Monday, March 5, 2012

How To Do Barbell Side Bends



Obliques are among the most important yet neglected muscles in the upper body. Today I'm going to show you an exercise that targets these muscles.

How To Do Barbell Side Bends

For this exercise, you'll need a fixed weight barbell. You're going to start off with a warm up so grab a light weight barbell. Take the barbell in your right hand. Make sure that you're standing up straight. Place your left hand behind your head. Now, bend to the right side lowering the barbell toward the floor. Next, use your oblique muscles to pull yourself upward until you've returned to your starting position. That's one rep. Do this nine more times then switch hands and repeat ten times.

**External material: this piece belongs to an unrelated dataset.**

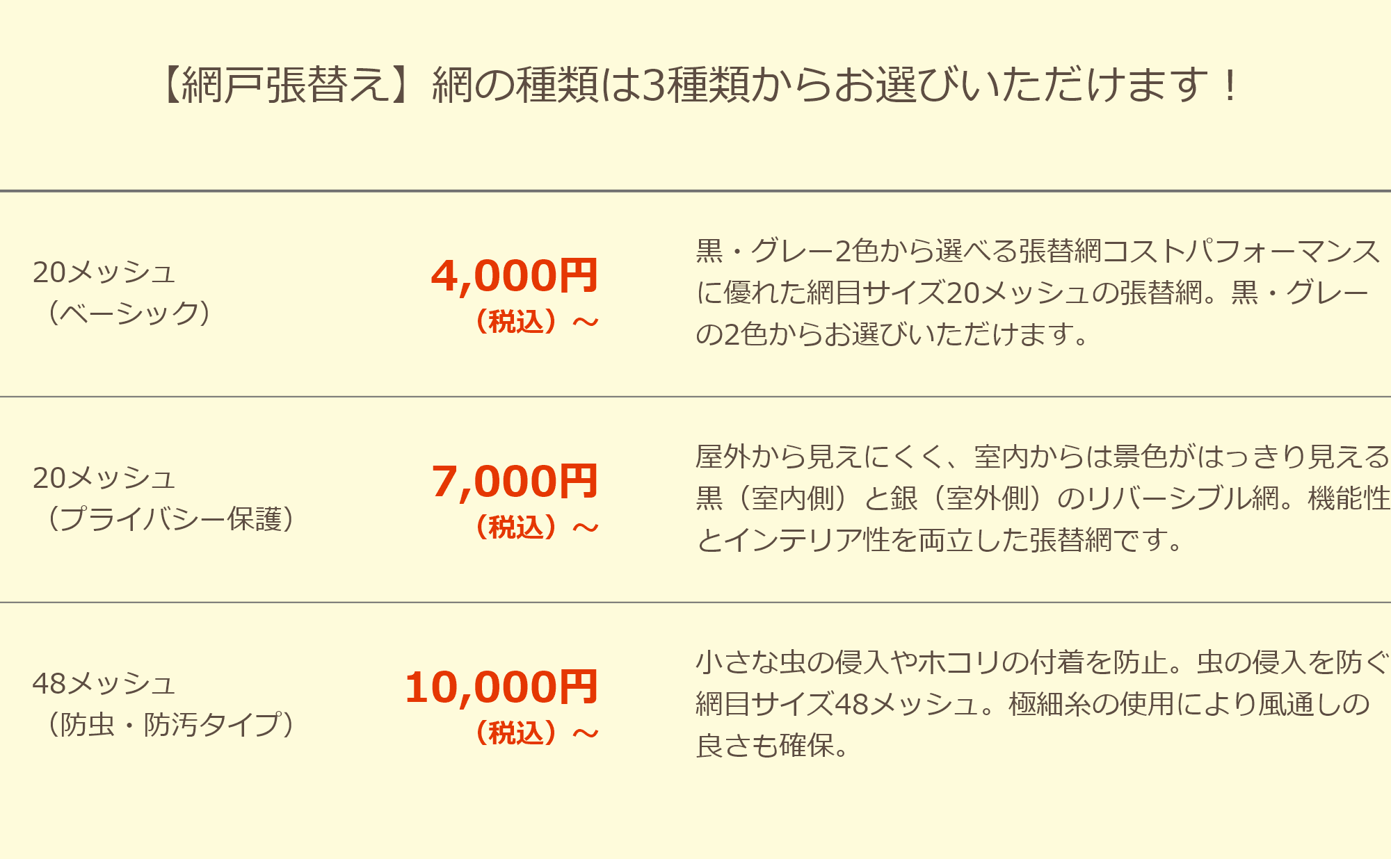 黒・グレー2色から選べる張替網コストパフォーマンスに優れた網目サイズ20メッシュの張替網。黒・グレーの2色からお選びいただけます。

After the warm up set, grab a heavier fixed weight barbell. Do three sets of ten barbell side bends with your right hand. After completing thirty reps with your right hand, do thirty with the left hand.

Fixed weight barbell side bends are beneficial because they:

  • strengthen the obliques
  • develop your core
  • prevent lower back problems
This exercise is more challenging than the basic side bends the former employs weights which create resistance. Resistance accelerates muscle growth because it forces them to work harder. You can perform this exercise alongside the hanging obliques exercise thus giving your abdominal muscles a power workout.
Now you have the knowledge, put it to good use.